TASK
Write out the lines below once more, exactly as they appear. Do not include pictures.

DATA EXCERPT
···

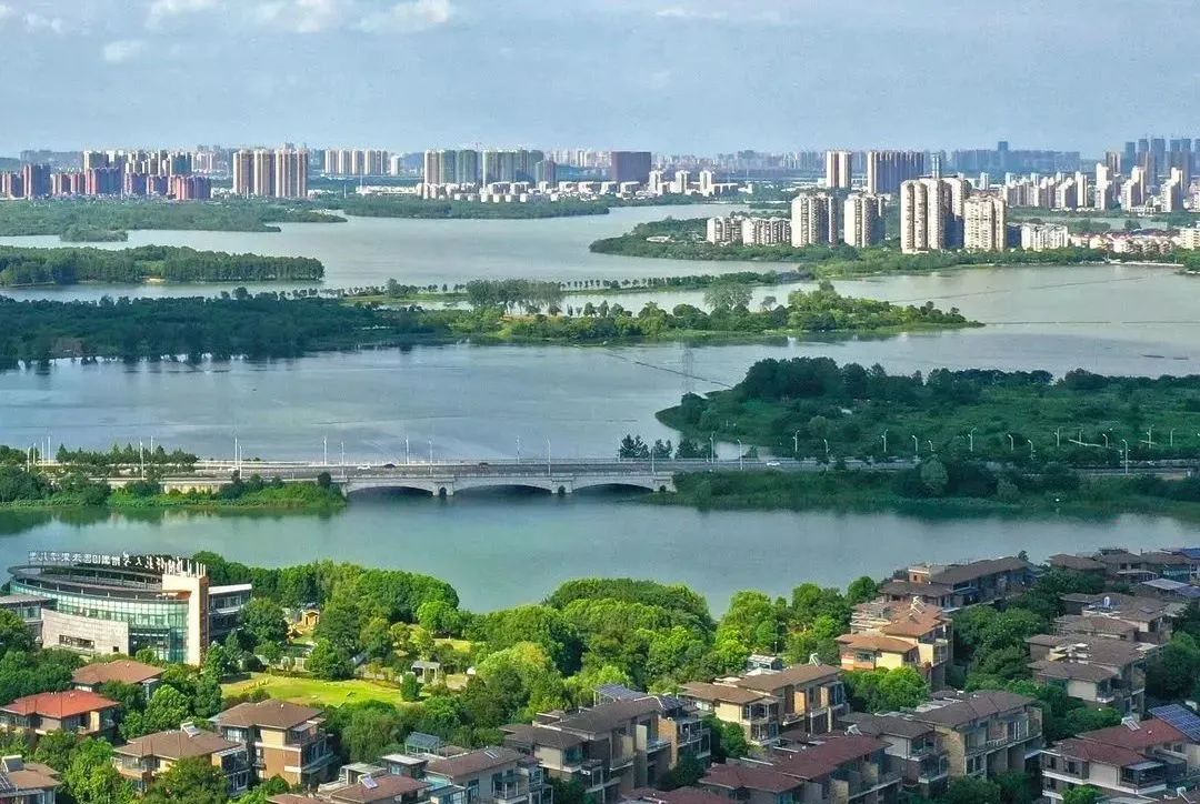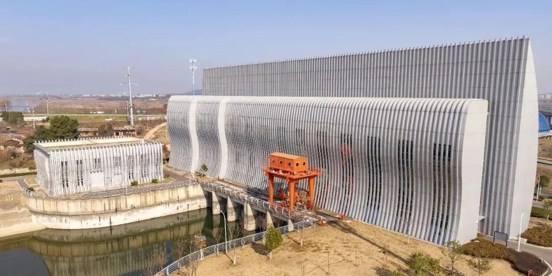 府澴河是长江的重要支流,是孝感“母亲河”,东起府河东大堤,西至三军台汇入槐荫河,全长8.6公里,是孝感的城市文化根脉,承载着老孝感人的深远记忆。在东西湖大堤处可以看到一组极具现代科技感的帆形建筑——这就是东西湖建设年代最久的泵站——李家墩泵站。
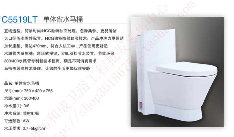 HCG and sanitary bathroom C5519 LT congestion toilet double press water super whirlpool water slow - down seat
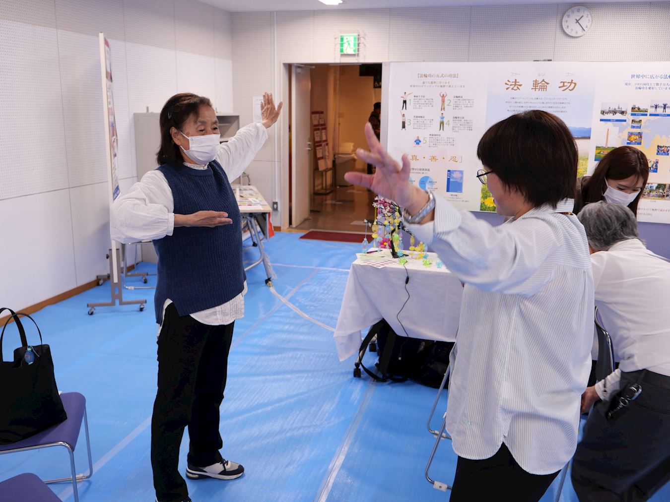 ![]() 图7:涩谷女士(左一,穿蓝色背心者)表示实际尝试学炼后,发现功法节奏适度且流畅,感到非常舒服。 |
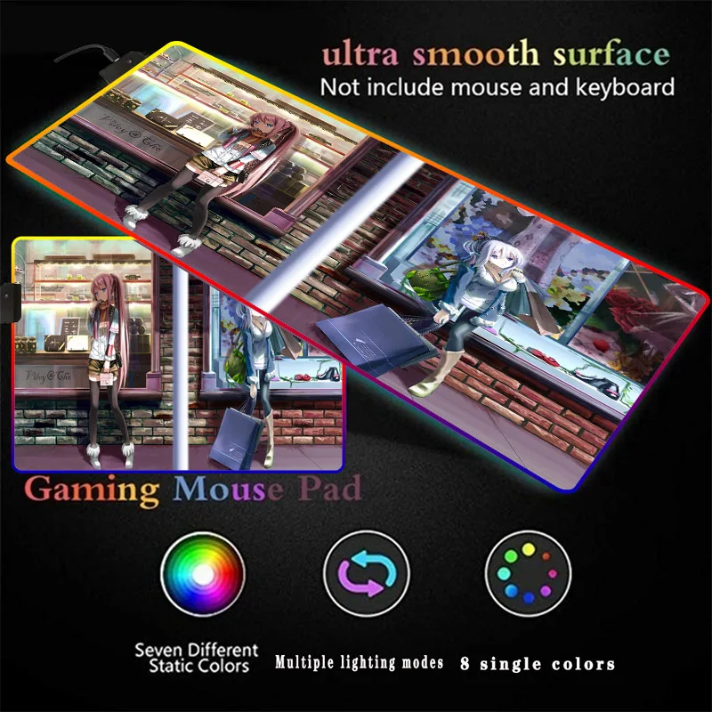 Большой светящийся коврик для мыши в стиле аниме, с подсветкой

···

WRITTEN SOLUTION
 府澴河是长江的重要支流,是孝感“母亲河”,东起府河东大堤,西至三军台汇入槐荫河,全长8.6公里,是孝感的城市文化根脉,承载着老孝感人的深远记忆。在东西湖大堤处可以看到一组极具现代科技感的帆形建筑——这就是东西湖建设年代最久的泵站——李家墩泵站。
 HCG and sanitary bathroom C5519 LT congestion toilet double press water super whirlpool water slow - down seat
 ![]() 图7:涩谷女士(左一,穿蓝色背心者)表示实际尝试学炼后,发现功法节奏适度且流畅,感到非常舒服。 |
 Большой светящийся коврик для мыши в стиле аниме, с подсветкой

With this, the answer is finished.